Parkometerabgabe; verspäteter Einspruch gegen Strafverfügung; unsubstantiiertes Vorbringen und Vorlage von Unterlagen, die nicht geeignet waren, von einer rechtsunwirksamen Zustellung auszugehen
Entscheidungstext
IM NAMEN DER REPUBLIK
Das Bundesfinanzgericht erkennt durch die Richterin Mag. Heidemarie Winkler über die Beschwerde des ***Bf1***, ***Bf1-Adr***, vom , gegen den Zurückweisungsbescheid des Magistrates der Stadt Wien, Magistratsabteilung 67, vom , Zl. MA67/Zahl/2021, in Zusammenhang mit einer Verwaltungsübertretung gemäß § 5 Abs. 2 Parkometerabgabeverordnung, ABl. der Stadt Wien Nr. 51/2005, idF. ABl. der Stadt Wien Nr. 46/2016, in Verbindung mit § 4 Abs. 1 Wiener Parkometergesetz 2006, LGBl. für Wien Nr. 9/2006, idF. LGBl. für Wien Nr. 71/2018, zu Recht:
Die Beschwerde wird gemäß § 50 VwGVG als unbegründet abgewiesen und der angefochtene Zurückweisungsbescheid bestätigt.
Eine Revision durch die beschwerdeführende Partei wegen Verletzung in Rechten nach Art. 133 Abs. 6 Z 1 B-VG ist gemäß § 25a Abs. 4 VwGG kraft Gesetzes nicht zulässig.
Gegen diese Entscheidung ist gemäß Art. 133 Abs. 4 B-VG eine ordentliche Revision durch die belangte Behörde nach Art. 133 Abs. 6 Z 2 B-VG nicht zulässig.
Entscheidungsgründe
Der Magistrat der Stadt Wien, Magistratsabteilung 67, lastete dem Beschwerdeführer (Bf.) nach einer bei der Zulassungsbesitzerin des mehrspurigen Kraftfahrzeuges mit dem behördlichen Kennzeichen Vienna eingeholten Lenkerauskunft (ZL) und unter Zugrundelegung der Anzeigedaten eines Kontrollorgans Parkraumüberwachung der Landespolizeidirektion Wien mit Strafverfügung vom an, er habe das Fahrzeug am in der gebührenpflichtigen Kurzparkzone in 1020 Wien, Kurzbauergasse 9, ohne einen für den Beanstandungszeitpunkt 20:19 Uhr gültigen Parkschein abgestellt und demnach die Parkometerabgabe fahrlässig verkürzt.

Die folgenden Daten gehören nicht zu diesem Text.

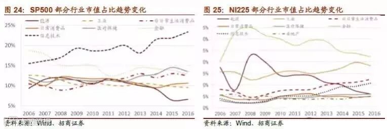 (2)在不同经济体下,蓝筹股成分的变迁较为明显地体现出产业结构均衡化的特征。海外蓝筹的历史变迁大体能反映产业变迁,蓝筹股代表的是当期国民经济的支柱型产业。在不同时代,蓝筹驱动力是有所不同的,例如日本80年代初,宏观经济高速增长时期,蓝筹股的上涨是以投资驱动为主,而到了80年代末、90年代初,宏观经济增速见顶后以消费驱动型蓝筹为主。整体来看,成分的变迁较为明显地体现出产业结构均衡化的特征。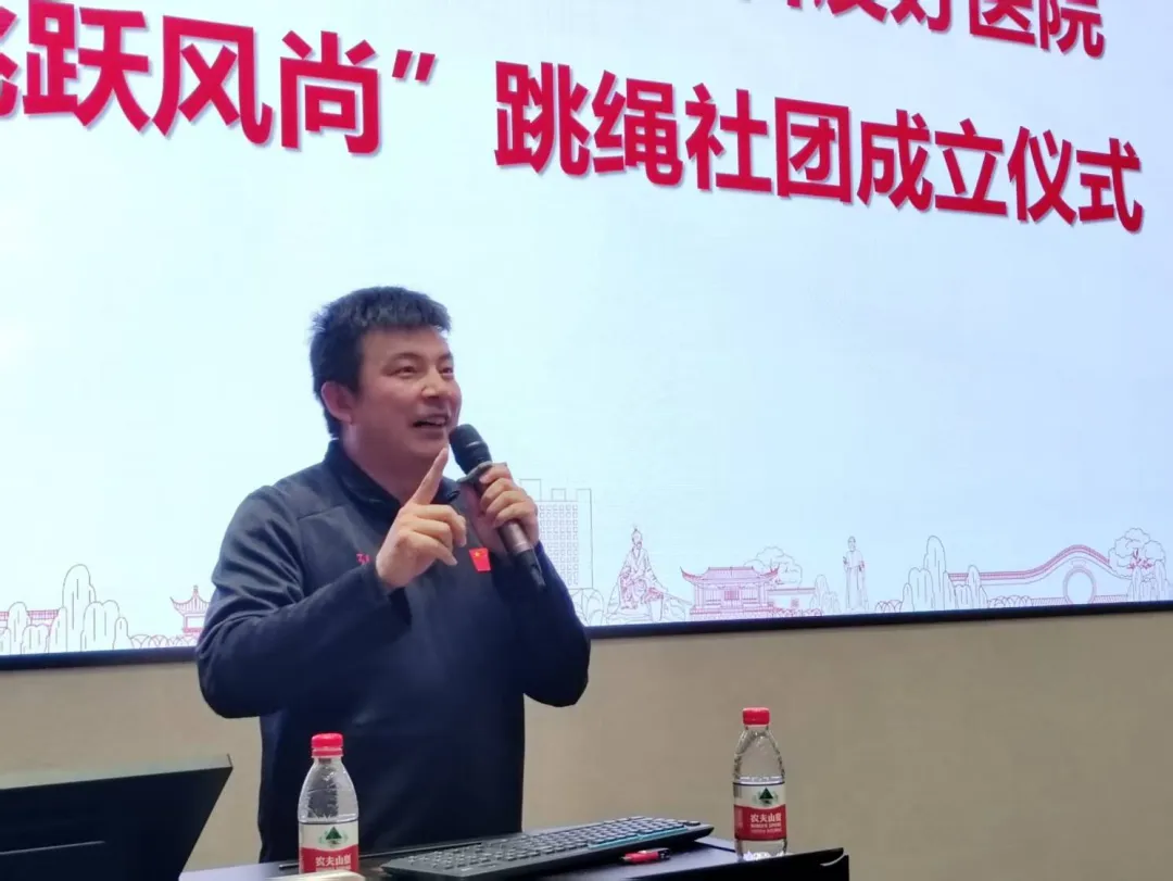 接着,作为减重中心科的杨磊老师生动为大家分享了一堂关于运动与体重的心得和体会。他通俗易懂地讲述了运动、饮食及体重三者之间的关系,在场的老师和同学们受益匪浅。并指出,跳绳作为一项简单而富有挑战性的运动,能够有效提升身体协调性和灵活性,且在集体中练习能够增强团队合作精神。杨老师提到,社团的成立给广大学生提供了一个良好的平台,希望同学们能够积极参与,在增强身体素质的同时,培养出不怕困难、敢于挑战的精神。随后,北京协和医学院辅导员郎文利老师进行了发言,祝贺并恭喜北京协和医学院“跳跃风尚”跳绳社团正式成立。郎老师感谢所有支持社团发展的教育处领导、老师及同学们,并强调社团将致力于为同学们提供更丰富多样的活动,增强学术与体育的结合,为学校培养更多的优秀学子。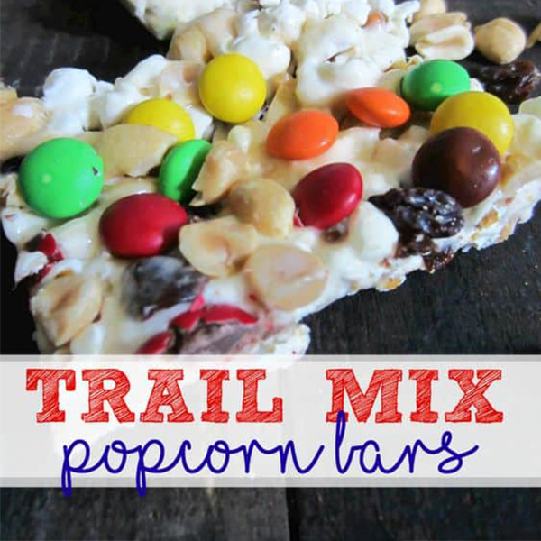These Trail Mix Popcorn Bars are so easy to make, taste better than any box kind, and are perfect for your kid's lunchbox or even your spouse's rucksack!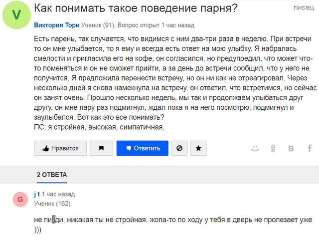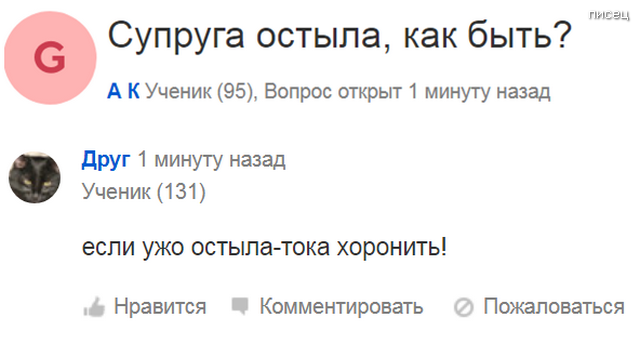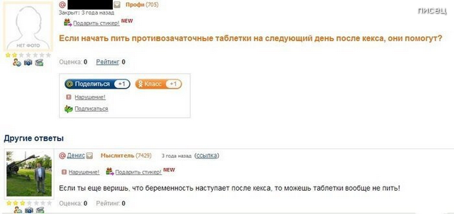 Есть такой шедевральный интернет-сервис «Ответы Mail.ru — поиск ответов на любой вопрос», где пользователи задают различные вопросы и получают на них ответы от других пользователей. И вот, что из этого получается…

Wegen Verletzung der Rechtsvorschriften des § 5 Abs. 2 Wiener Parkometerabgabeverordnung iVm § 4 Abs. 1 Wiener Parkometergesetz 2006 wurde über den Bf. eine Geldstrafe iHv € 60,00 und für den Fall der Uneinbringlichkeit eine Ersatzfreiheitsstrafe von 14 Stunden verhängt.
Die Strafverfügung enthielt in der Rechtsmittelbelehrung den Hinweis, dass der Einspruch innerhalb von zwei Wochen nach Zustellung der Strafverfügung schriftlich oder mündlich bei der Behörde einzubringen ist.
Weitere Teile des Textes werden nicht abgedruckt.